Wang Jun, Bhalerao Abhir, Yin Terry, See Simon, He Yulan
IEEE J Biomed Health Inform. 2024 Jan 16;PP. doi: 10.1109/JBHI.2024.3354712.
Radiology report generation (RRG) has gained increasing research attention because of its huge potential to mitigate medical resource shortages and aid the process of disease decision making by radiologists. Recent advancements in Radiology Report Generation (RRG) are largely driven by improving a model's capabilities in encoding single-modal feature representations, while few studies explicitly explore the cross-modal alignment between image regions and words. Radiologists typically focus first on abnormal image regions before composing the corresponding text descriptions, thus cross-modal alignment is of great importance to learn a RRG model which is aware of abnormalities in the image. Motivated by this, we propose a Class Activation Map guided Attention Network (CAMANet) which explicitly promotes cross-modal alignment by employing aggregated class activation maps to supervise cross-modal attention learning, and simultaneously enrich the discriminative information. Experimental results demonstrate that CAMANet outperforms previous SOTA methods on two commonly used RRG benchmarks.

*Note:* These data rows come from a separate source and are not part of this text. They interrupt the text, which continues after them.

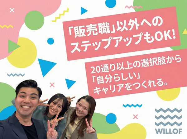 仕事内容 \\20代のメンバー中心に活躍中!// 東証プライム上場企業グループの安定基盤◎ 「健康経営優良法人2025」にも認定! * … * … * … * …* … * … * ・残業1日15分以内 ・完全週休2日制 ・転勤なし ・賞与年2回 ・産休・育休の復帰実績多数 ・将来のブランド変更もOK * … * … * … * …* … * … * 「接客の仕事は大好き。 でも、将来の生活も大切にしたい...」 そんな素直な気持ちを尊重し、 あなたらしい働き方を応援します! ウィルオブ・ワークがご用意するのは、 あなたの“好き”を一生ものの仕事に変える 「安定したキャリア」です! ―・・―・・―・・―・・―・・―・・―・・― ☆ 仕事内容について ☆ ―・・―・・―・・―・・―・・―・・―・・― 百貨店やファッションビル内の 店舗で、接客販売をお任せします。 具体的には… ・来店したお客様への接客 ・レジ対応やラッピング ・在庫のチェックや発注 ・SALE準備(POP設置等) ・売上アップのアイデア出し ―・・―・・―・・―・・―・・―・・―・・― ☆ 店舗の販促もサポート! ☆ ―・・―・・―・・―・・―・・―・・―・・― 接客業務だけでなく、売上アップの施策を考えます。 例えば… ・他店舗の成功事例をリサーチ ・お客様が手に取りやすいディスプレイ作成 と、やれることはたくさん! あなたのアイデアをお待ちしています。 ―・・―・・―・・―・・―・・―・・―・・― ☆ 産休・育休制度充実 ☆ ―・・―・・―・・―・・―・・―・・―・・― 産休・育休制度の他、結婚祝い金(2~3万円)、出産祝い金(10万円/1子)等 ライフイベントに関するサポートも充実♪ 「戻れる場所」があるから、心おきなくお休みに入れます。 復帰後も、時短勤務などで無理なく家庭と両立している先輩多数! ―・・―・・―・・―・・―・・―・・―・・― ☆ キャリアパス20通り以上 ☆ ―・・―・・―・・―・・―・・―・・―・・― 研修担当のトレーナー、人事、リーダー、支店長などステップアップ先は豊富です! 本社で働く社員の90%以上が販売職からのステップアップ◎ 販売職以外にもチャレンジしながら、長く安定して働ける環境を整えています♪ ━━━━━━━━━━━━━━━ ※こちらの求人は〈無期雇用派遣〉です※ 無期雇用派遣とは「株式会社ウィルオブ・ワーク」の正社員として入社し、 取引先企業様の店舗にて勤務する働き方です。 ━━━━━━━━━━━━━━━
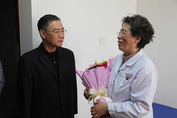 进入二层特需门诊,领导们一起看望了皮肤科瞿幸、耳鼻喉科梁淑满和正在出门诊的王耀献院长,并送上鲜花和新春的祝福。马建中局长说:“虽然已是年根儿,但患者仍然很多,都想在年前抓点药回家。专家们越是年底越不敢停诊,确保患者们可以踏踏实实过年。”专家们表示,马上就到春节,一定让患者满意,过好年。最后,国家中医药管理局领导请东直门医院领导转达对东直门医院全体职工的祝福,祝大家新春快乐!
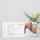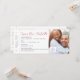 Rose gold pink aeroplane logo on a fun boarding pass save the date card for a travel theme or destination wedding, with room for a photo and lots of room for travel and accommodations details. The authentic retro plane ticket details include little arrows, bar code, and box for a seating assignment in a vintage computer font complete the look. Destination weddings require sending guests all the accommodation information earlier than a local wedding. If you want to simply get the word out while you work out the travel and excursion plans, the design on the back can be deleted, just click 'customise further.'

放射学报告生成(RRG)因其在缓解医疗资源短缺以及辅助放射科医生进行疾病决策过程方面的巨大潜力而受到越来越多的研究关注。放射学报告生成(RRG)的最新进展很大程度上是由提高模型在编码单模态特征表示方面的能力所驱动的,而很少有研究明确探索图像区域和单词之间的跨模态对齐。放射科医生在撰写相应的文本描述之前通常首先关注异常图像区域,因此跨模态对齐对于学习一个能够识别图像中异常情况的RRG模型非常重要。受此启发,我们提出了一种类激活映射引导注意力网络(CAMANet),该网络通过使用聚合类激活映射来监督跨模态注意力学习,从而明确促进跨模态对齐,并同时丰富判别信息。实验结果表明,CAMANet在两个常用的RRG基准测试中优于先前的最优方法。